- [Task directions]: Below are some records. Retype exactly the lines from the one containing "- Rázové hlavice" through the one containing "On Monday morning, 4", both included, skipping every picture.

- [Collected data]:

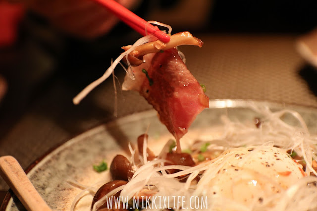 牛肉和菇類很多時都會被安排配搭在一起,而實際上他們一起出現都是令人感到安心的配搭。這道菜的和牛薄切分散在碟上,混合了菇類,令味道不會單調,也增加了口感。醬汁調得夠惹味,在加上中間的溫泉蛋,戳破後的蛋汁緩緩流出,和牛沾上蛋汁更加的嫩滑和美味。
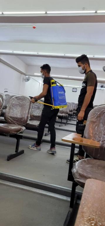 باشراف الاستاذ الدكتور علي سلطان الرفاعي تم تعفير وتعقيم القاعات الامتحانية في كلية طب الاسنان وتهيئتها لأداء امتحانات نصف السنة
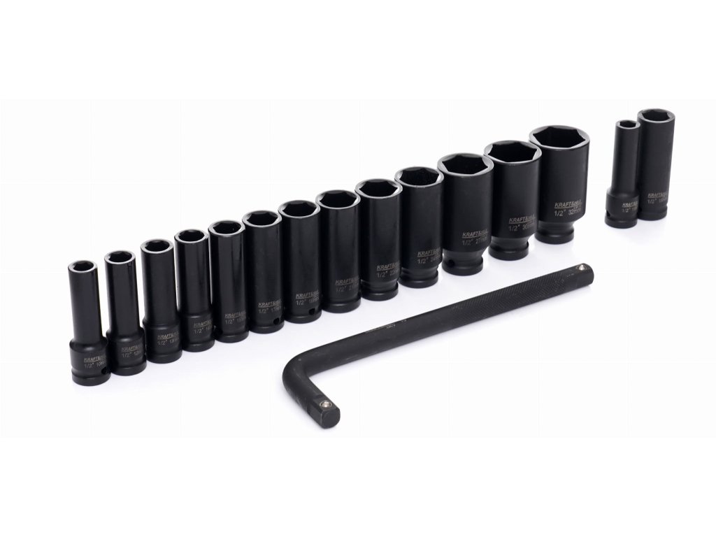 - Rázové hlavice 1/2" – 15 ks od velikosti 10 do 32 mm.
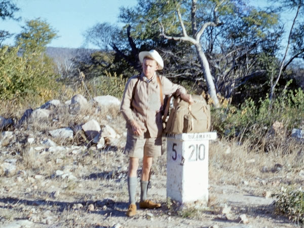 On Monday morning, 4 July 1960, Mr Oliphant took us back to the main road, five miles south of Wankie, where I took this photograph of Richard. He and I realised, though, that this was not a good spot for hitchhiking: we wanted cars going north out of Wankie, whereas most of the traffic at this junction was heading into Wankie. As a result, Richard and I hoisted our packs onto our backs and hiked … |
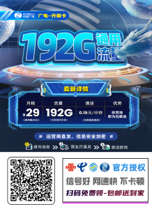 [好卡推荐]广电升卿卡 29元/月享192G全国通用流量

- [Result of this exercise]:
 - Rázové hlavice 1/2" – 15 ks od velikosti 10 do 32 mm.
 On Monday morning, 4 July 1960, Mr Oliphant took us back to the main road, five miles south of Wankie, where I took this photograph of Richard. He and I realised, though, that this was not a good spot for hitchhiking: we wanted cars going north out of Wankie, whereas most of the traffic at this junction was heading into Wankie. As a result, Richard and I hoisted our packs onto our backs and hiked … |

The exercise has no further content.